A prospective, survey-based, closed-cohort study was conducted on a sample of men and women between 18–70 years of age, living in northern Sweden. Data on Raynaud’s phenomenon characteristics and general health status were collected during the winters of 2015 (baseline) and 2021 (follow-up). Rates of incidence, remission, and persistence were calculated. Binary logistic regression was used to determine the association between baseline variables and the course of Raynaud’s phenomenon. Results: The study population consisted of 2703 women (53.9%) and 2314 men.

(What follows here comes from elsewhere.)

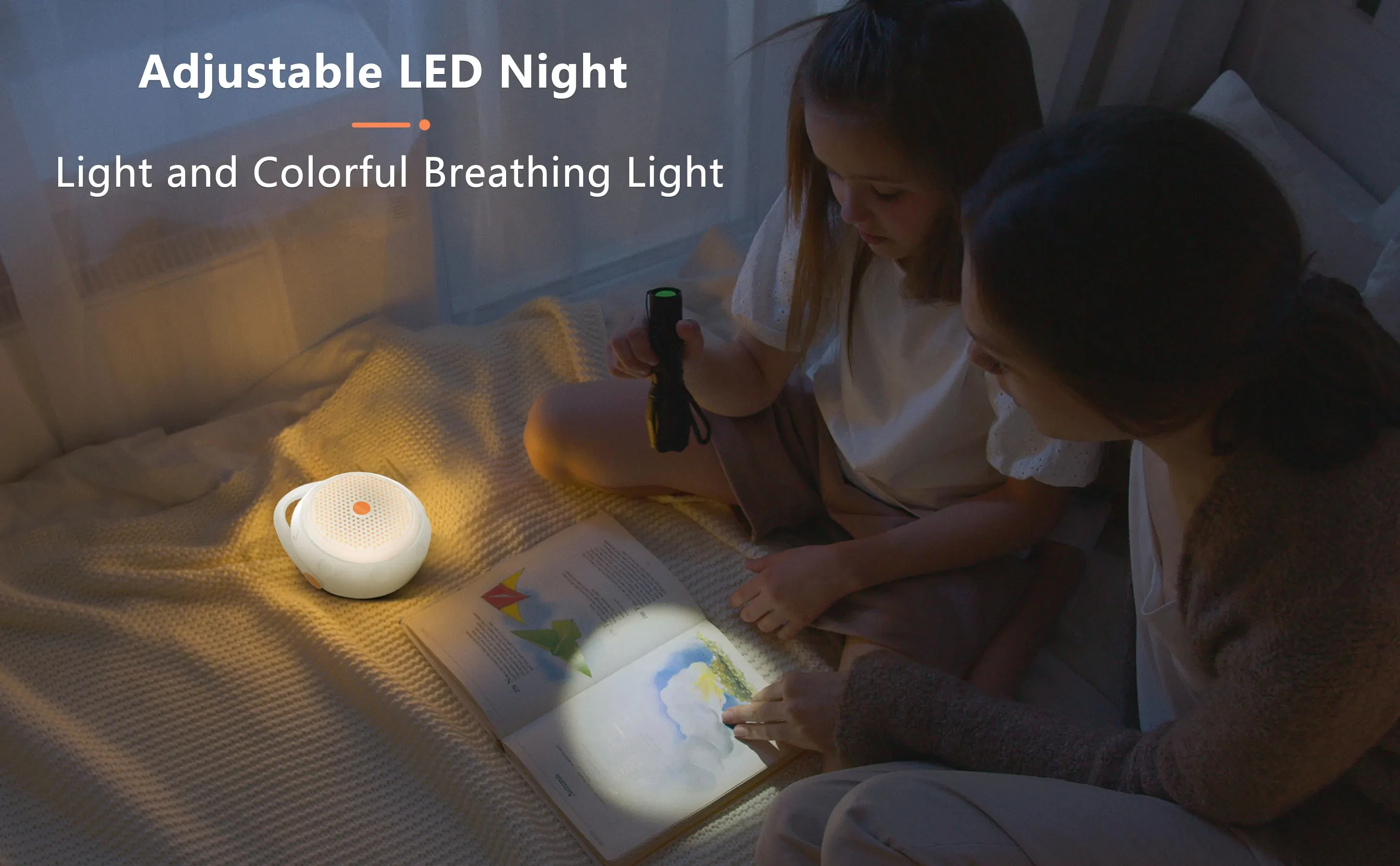 Portable Bluetooth White Noise Machine with 12 Soothing Relaxing Sounds & Silicone Sleep Timer Night Light for Baby & Adults

There were 390 women (14.5%) and 290 men (12.7%) reporting Raynaud’s phenomenon in the follow-up survey. The annual incidence proportion was 0.7% among women and 0.9% among men (gender difference p = 0.04). The annual remission proportion was 4.4% and 5.5%, respectively (p = 0.05). Having sustained a cold injury affecting the hands since baseline was significantly associated with incident Raynaud’s phenomenon (OR 3.92; 95% CI 2.60–5.90), after adjusting for age and gender.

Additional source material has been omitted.